(SOURCE DATA Opens)
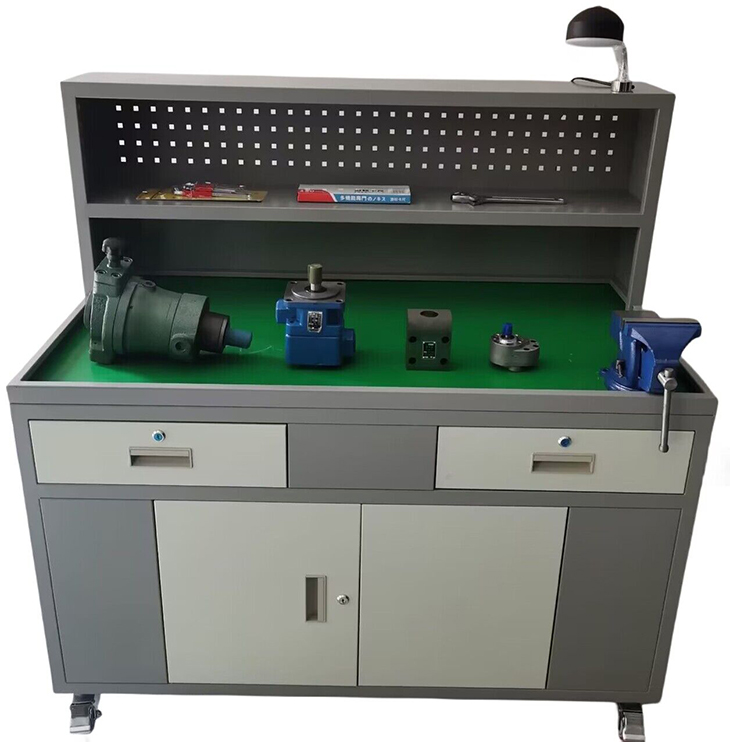 6、實訓(xùn)臺:采用鈑金結(jié)構(gòu)設(shè)計,表面為雙層亞光密紋噴塑工藝處理,臺面采用下凹設(shè)計,增加臺虎鉗,以及絕緣防滑墊,同時為液壓閥拆裝時提供一個良好的接油、防震平臺。
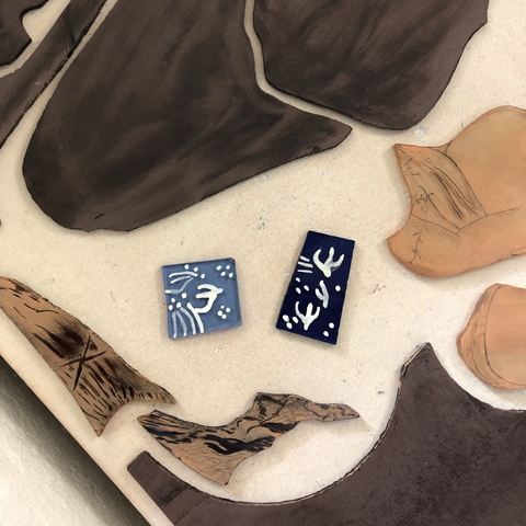 (白いニョロニョロ はエマイユの発色を確認するためのテスト焼きのパーツです。)
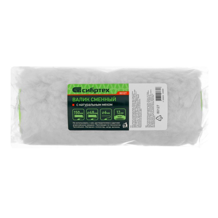 Сменный валик с натуральным мехом Сибртех 80127 шириной 150 мм и диаметром 48 мм, под ручку 6 мм, с ворсом 12 мм, предназначен для малярных работ. Применяется для нанесения эмалевых, масляных, водно-дисперсионных красок и защитных покрытий. Длина ворса 12 мм делает валик универсальным и позволяет применять его на большинстве поверхностей. Валик подходит к модели Сибртех 80122 и другим изделиям с соответствующим размером рукоятки.ПреимуществаНадежная конструкция — фланцы валика приварены ультразвуком, поэтому он выдерживает частую установку и снятие с бюгеля.Долговечность — валик произведен по технологии Termofusion с термоклеевой фиксацией шубки, что позволяет использовать его многократно без риска деформации.Качественное исполнение — ролик свободно вращается и не заедает, обеспечивая максимальный коэффициент отдачи краски.Ширина 150 мм — валиком удобно работать в труднодоступных местах.
(SOURCE DATA Closes)
INSTRUCTIONS TO FOLLOW: The whole listing above needs to be copied exactly; please keep the pictures out.

EXPECTED ANSWER:
 6、實訓(xùn)臺:采用鈑金結(jié)構(gòu)設(shè)計,表面為雙層亞光密紋噴塑工藝處理,臺面采用下凹設(shè)計,增加臺虎鉗,以及絕緣防滑墊,同時為液壓閥拆裝時提供一個良好的接油、防震平臺。
 (白いニョロニョロ はエマイユの発色を確認するためのテスト焼きのパーツです。)
 Сменный валик с натуральным мехом Сибртех 80127 шириной 150 мм и диаметром 48 мм, под ручку 6 мм, с ворсом 12 мм, предназначен для малярных работ. Применяется для нанесения эмалевых, масляных, водно-дисперсионных красок и защитных покрытий. Длина ворса 12 мм делает валик универсальным и позволяет применять его на большинстве поверхностей. Валик подходит к модели Сибртех 80122 и другим изделиям с соответствующим размером рукоятки.ПреимуществаНадежная конструкция — фланцы валика приварены ультразвуком, поэтому он выдерживает частую установку и снятие с бюгеля.Долговечность — валик произведен по технологии Termofusion с термоклеевой фиксацией шубки, что позволяет использовать его многократно без риска деформации.Качественное исполнение — ролик свободно вращается и не заедает, обеспечивая максимальный коэффициент отдачи краски.Ширина 150 мм — валиком удобно работать в труднодоступных местах.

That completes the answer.